TASK STATEMENT:
In the records below, the relevant part opens with the line containing "街拍超紧蓝色牛仔裤大长腿女神姐姐" and closes with the line containing "BEIGE BLUE HANDBLOCK KOTA DORIYA SAREE"; print that part exactly and only, without its pictures.

THE RECORDS:
§
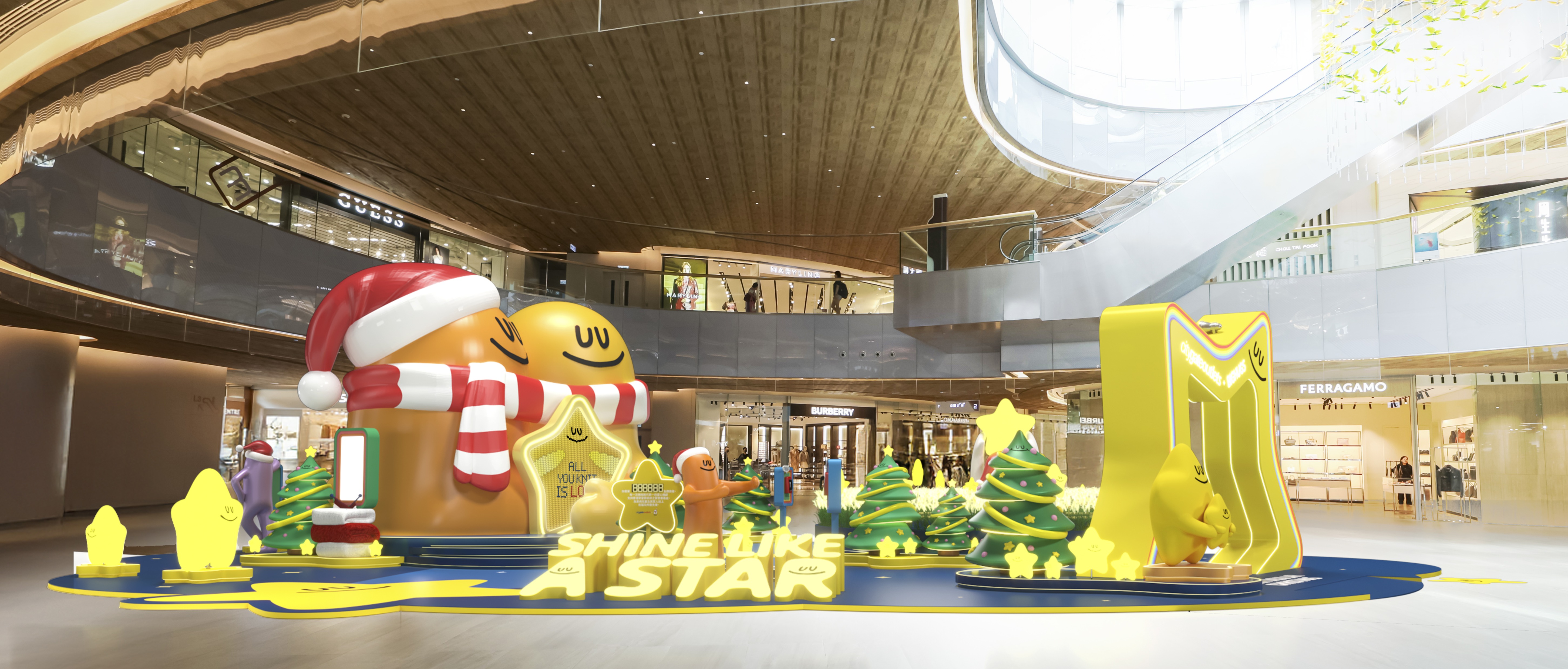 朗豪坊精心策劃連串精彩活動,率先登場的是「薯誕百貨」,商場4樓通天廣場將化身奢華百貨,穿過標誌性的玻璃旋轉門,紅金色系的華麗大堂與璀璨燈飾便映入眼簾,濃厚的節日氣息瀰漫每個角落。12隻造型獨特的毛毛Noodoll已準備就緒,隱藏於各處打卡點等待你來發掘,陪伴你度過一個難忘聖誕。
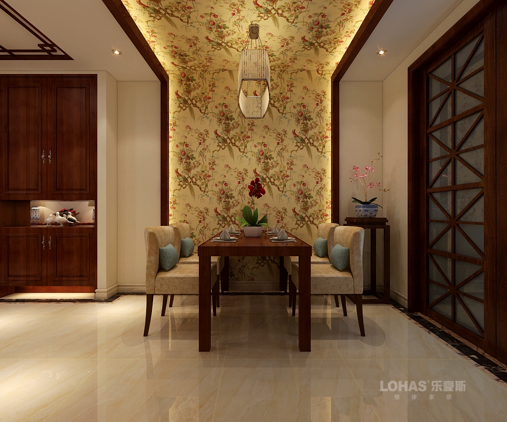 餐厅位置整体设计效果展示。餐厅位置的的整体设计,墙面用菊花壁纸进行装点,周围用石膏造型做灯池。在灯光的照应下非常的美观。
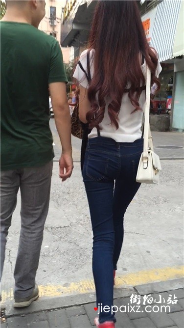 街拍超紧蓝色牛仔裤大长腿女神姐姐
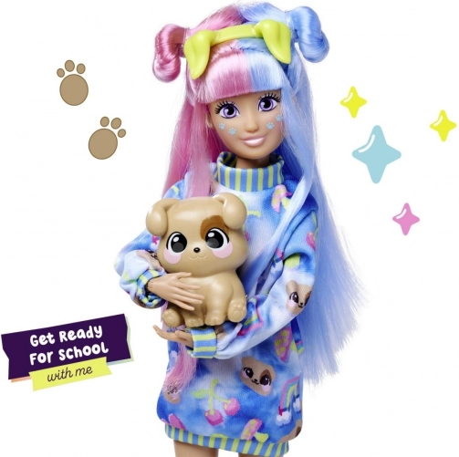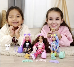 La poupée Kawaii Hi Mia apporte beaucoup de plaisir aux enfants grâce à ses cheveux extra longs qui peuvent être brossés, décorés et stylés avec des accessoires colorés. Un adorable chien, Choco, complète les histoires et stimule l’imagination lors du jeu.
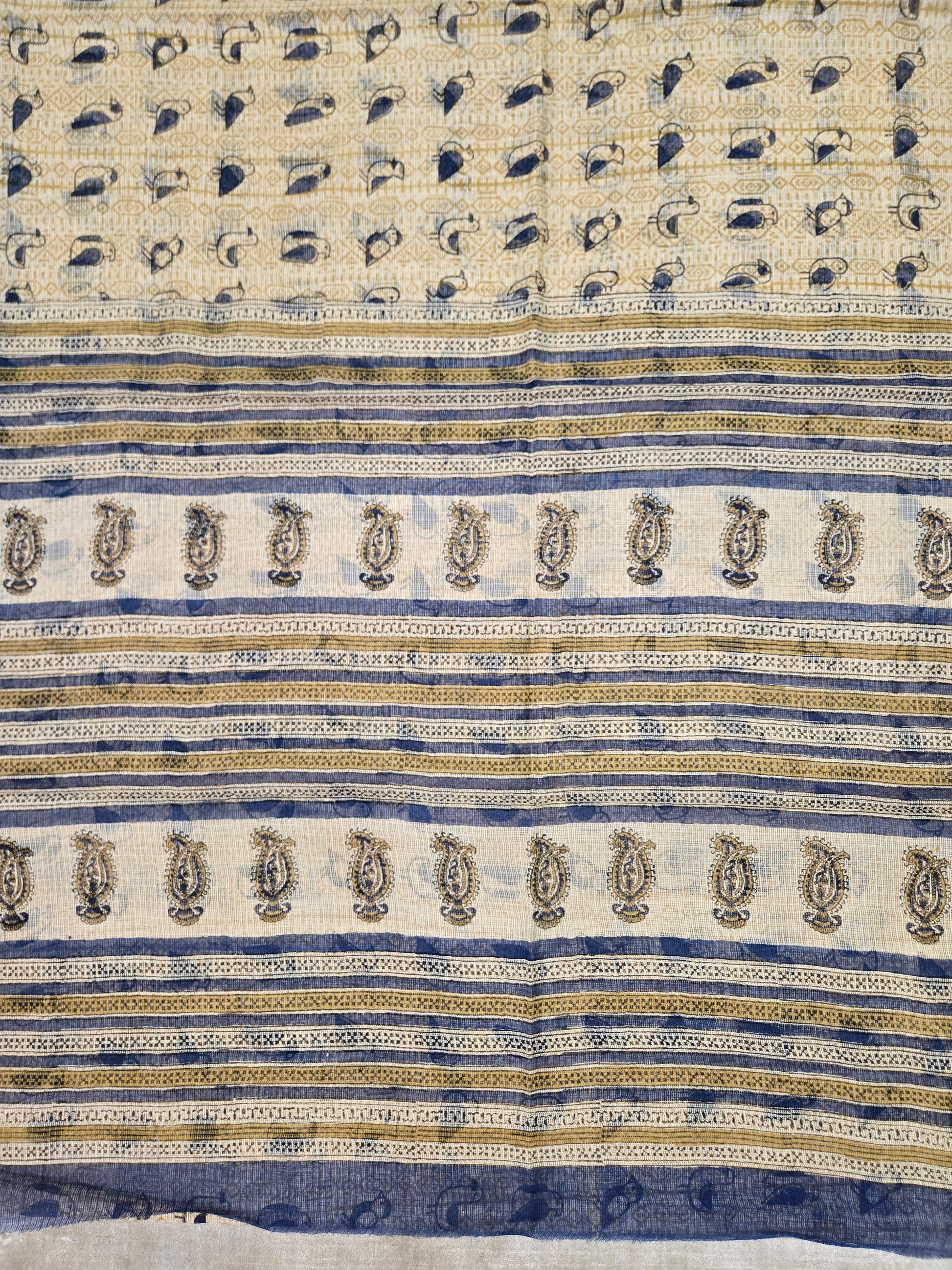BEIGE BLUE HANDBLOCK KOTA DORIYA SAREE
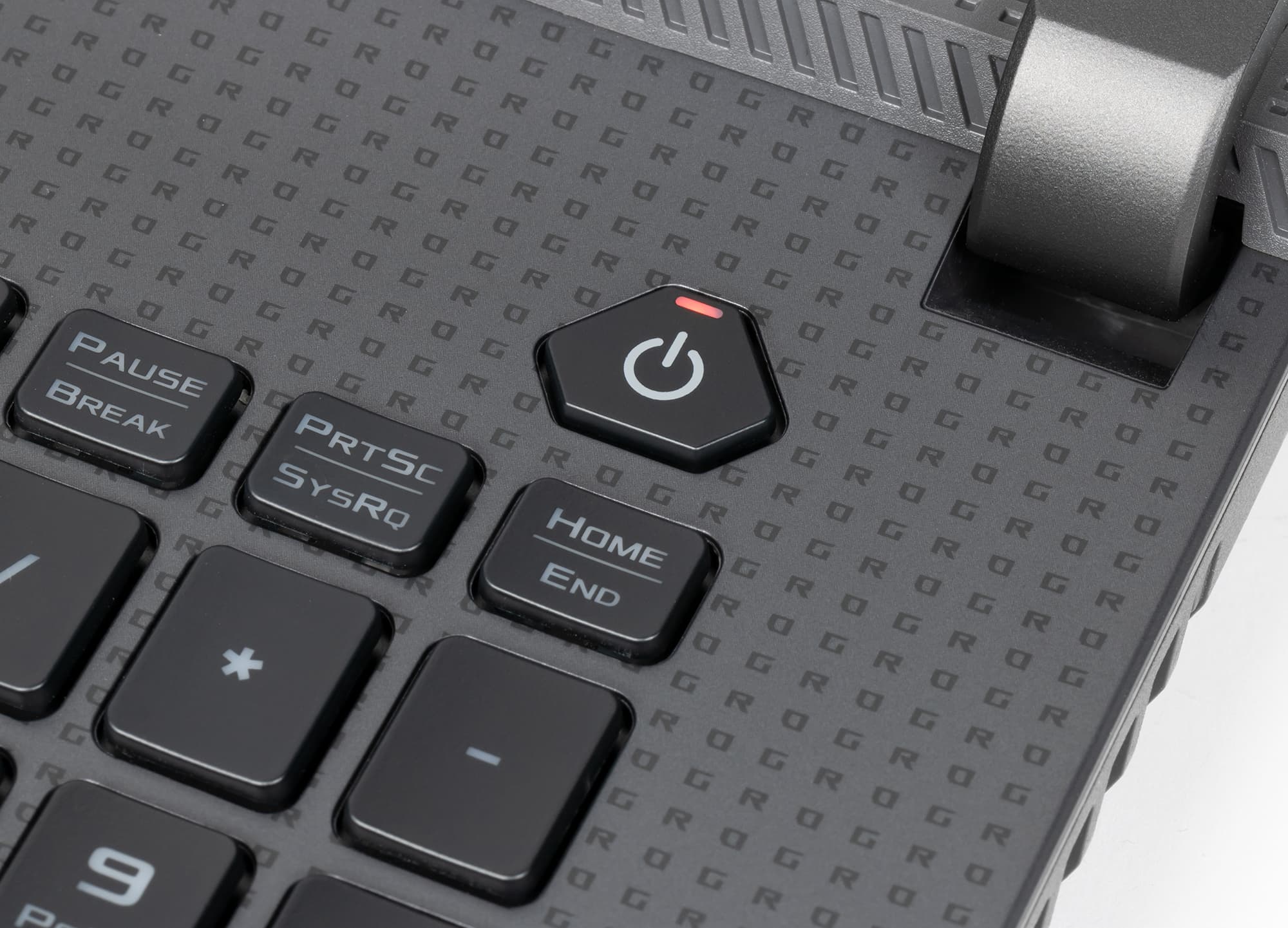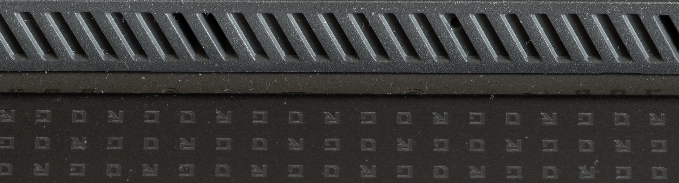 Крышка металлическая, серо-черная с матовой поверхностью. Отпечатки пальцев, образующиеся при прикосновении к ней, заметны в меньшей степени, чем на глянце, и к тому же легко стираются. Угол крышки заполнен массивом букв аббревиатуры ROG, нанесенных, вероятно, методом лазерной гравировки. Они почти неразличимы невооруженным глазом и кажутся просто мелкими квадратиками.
§
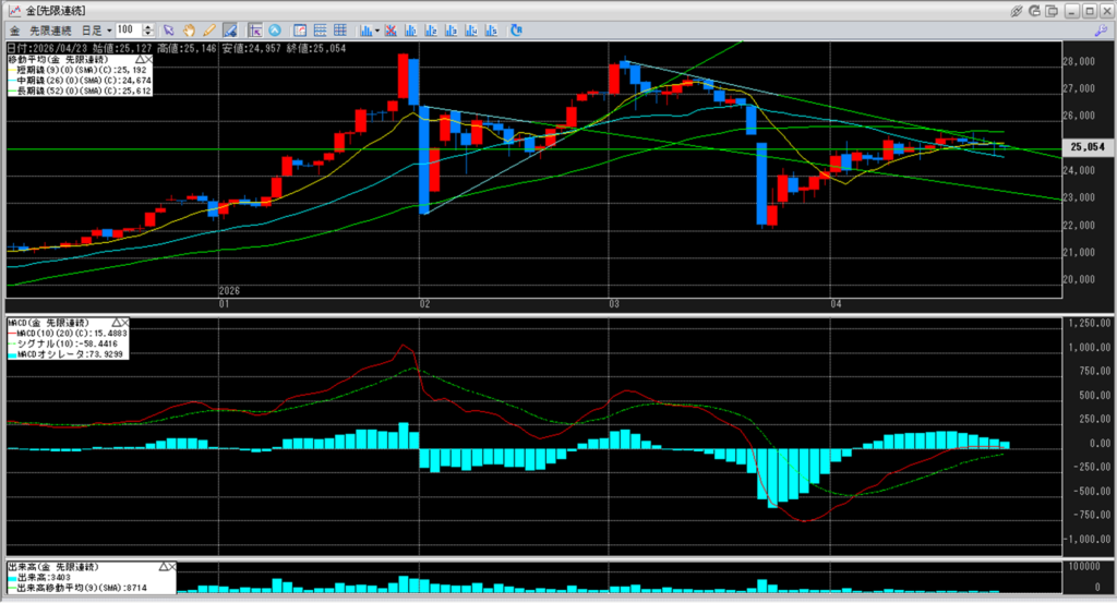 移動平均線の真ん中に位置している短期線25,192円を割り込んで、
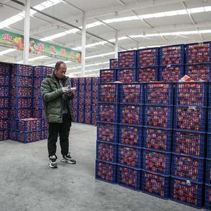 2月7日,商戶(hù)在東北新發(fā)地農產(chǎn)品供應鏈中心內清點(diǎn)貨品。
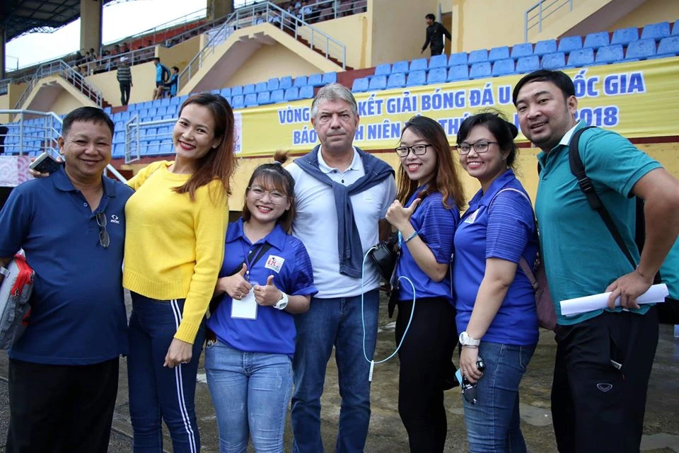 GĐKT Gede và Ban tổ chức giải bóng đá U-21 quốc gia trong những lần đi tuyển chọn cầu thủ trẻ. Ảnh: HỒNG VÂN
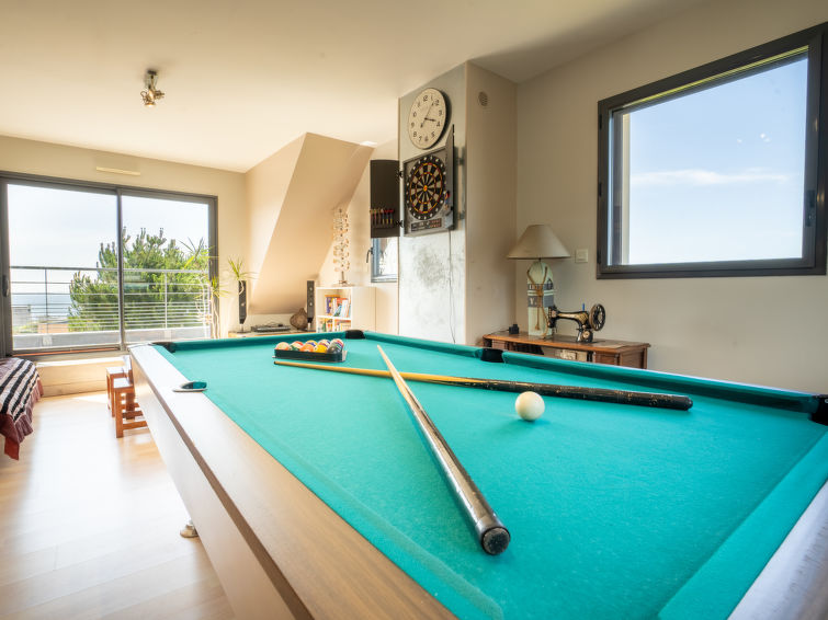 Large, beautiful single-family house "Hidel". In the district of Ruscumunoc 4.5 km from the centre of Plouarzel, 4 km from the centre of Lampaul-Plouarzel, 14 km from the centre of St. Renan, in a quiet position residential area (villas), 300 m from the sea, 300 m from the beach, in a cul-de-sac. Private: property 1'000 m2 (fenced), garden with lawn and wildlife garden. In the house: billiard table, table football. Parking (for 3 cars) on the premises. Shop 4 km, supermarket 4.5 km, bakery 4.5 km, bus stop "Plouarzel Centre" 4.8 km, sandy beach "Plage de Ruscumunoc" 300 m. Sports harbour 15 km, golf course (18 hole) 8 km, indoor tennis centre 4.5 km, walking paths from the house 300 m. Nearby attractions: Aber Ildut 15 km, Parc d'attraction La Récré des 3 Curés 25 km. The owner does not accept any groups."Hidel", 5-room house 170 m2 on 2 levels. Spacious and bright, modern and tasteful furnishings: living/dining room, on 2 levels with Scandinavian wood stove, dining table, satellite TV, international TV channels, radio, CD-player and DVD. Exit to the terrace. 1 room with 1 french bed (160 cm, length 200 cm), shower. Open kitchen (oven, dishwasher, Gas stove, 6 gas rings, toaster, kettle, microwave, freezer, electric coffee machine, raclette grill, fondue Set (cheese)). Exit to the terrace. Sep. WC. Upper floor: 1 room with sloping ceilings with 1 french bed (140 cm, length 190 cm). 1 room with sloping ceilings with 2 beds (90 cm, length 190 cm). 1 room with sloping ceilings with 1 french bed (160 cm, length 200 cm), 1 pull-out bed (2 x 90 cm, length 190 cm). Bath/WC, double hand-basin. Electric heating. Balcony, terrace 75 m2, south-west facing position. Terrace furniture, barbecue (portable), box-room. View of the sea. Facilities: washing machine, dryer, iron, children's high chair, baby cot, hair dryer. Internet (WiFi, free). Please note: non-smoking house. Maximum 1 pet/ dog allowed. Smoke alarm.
§
RESPONSE BOX:
 街拍超紧蓝色牛仔裤大长腿女神姐姐
 La poupée Kawaii Hi Mia apporte beaucoup de plaisir aux enfants grâce à ses cheveux extra longs qui peuvent être brossés, décorés et stylés avec des accessoires colorés. Un adorable chien, Choco, complète les histoires et stimule l’imagination lors du jeu.
BEIGE BLUE HANDBLOCK KOTA DORIYA SAREE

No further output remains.